Phellinus polysaccharides activate humoral, immune regulation, and cellular immune regulation and promote the body to release a large amount of immune stimulating products (Li et al., 2014). Since then, a large number of studies have found that Phellinus has anti-inflammatory, analgesic, anti-cancer, antibacterial, anti-fibrosis, and antioxidant effects (Kim et al., 2019).
Habitat and parasitic plants remarkably affect the production of active species of traditional Chinese medicine fungi (Jan et al., 2022). The P. igniarius YASH1 species used in the present study is a wild locust tree collected from the mountaintop of the hinterland of the Loess Plateau at an altitude of 1,100 m. This area has a natural climate of drought, strong sunlight, and high ultraviolet radiation that differs from other regions in the world and is a special ecological environment of the Loess Plateau.
The active substances produced by P. igniarius YASH1 parasitized on locust trees in northern Shaanxi may be quite different from those produced by the same kind of fungi in other regions.

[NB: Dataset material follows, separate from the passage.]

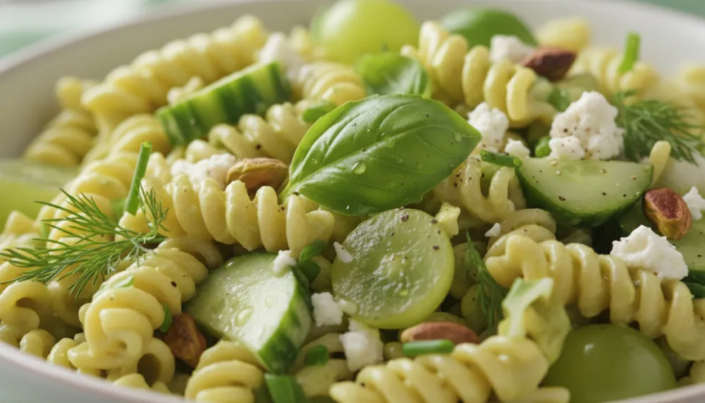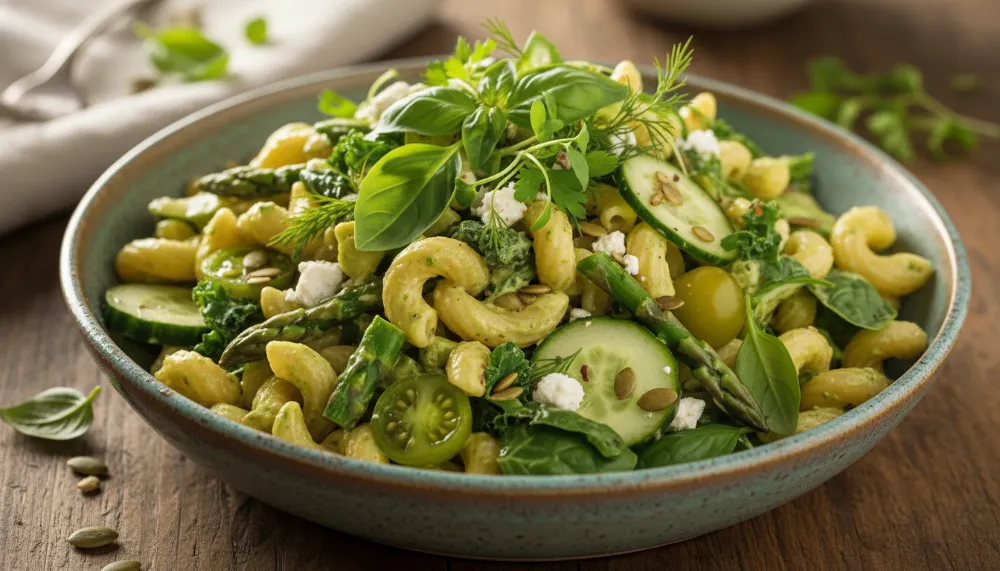 A true green goddess pasta salad should be a celebration of textures. While the pasta provides the chew and the dressing provides the creaminess, the vegetables provide the snap. Blanched asparagus and English peas are the traditional choices, but the possibilities are endless. Many professional chefs incorporate snap peas, thinly sliced cucumbers, or even blanched broccoli florets to keep the monochromatic green theme while varying the bite.
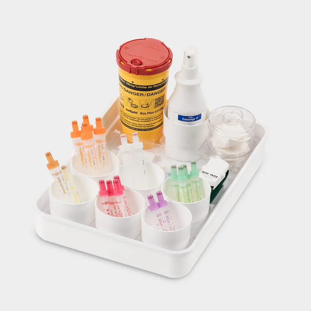 mit Tablett-Einsatz 1 Kanülensammelbox 6 Blutröhrchenbecher 1 Utensilienbecher rund und Tupferbecher mit Deckel Außenmaße: L 353 x B 253 x H 55 mm

The monosaccharide composition and proportion of polysaccharides obtained from different habitats of P. igniarius were compared and analyzed, and results showed that the polysaccharides from P. igniarius YASH1 were different from those from other reported habitats. Only a small amount of polysaccharides from the mulberry fungus may contain rhamnose monosaccharide (Table 4), for example, the monosaccharide of ZDPS is mannose: rhamnose: glucose: galactose:xylose:arabinose:fucose = 0.211:0.0139:1:0.162:0.037:0.027:0.1236, while the monosaccharide of JDPS is rhamnose: glucose: galactose: xylose: arabinose: fucose = 0.17:0.0106:1:0.46:0.028:0.0048:0.172. These two polysaccharides both have the unique monosaccharide component rhamnose, which is not possessed by most polysaccharides from other sources of P. igniarius, and their rhamnose and galactose content is higher than that of polysaccharides from other sources of P. igniarius. Rhamnose and galactose, as important prebiotics, play an important role in intestinal flora, making them important for their unique immune regulation role (Li et al., 2015; Suabjakyong et al., 2015).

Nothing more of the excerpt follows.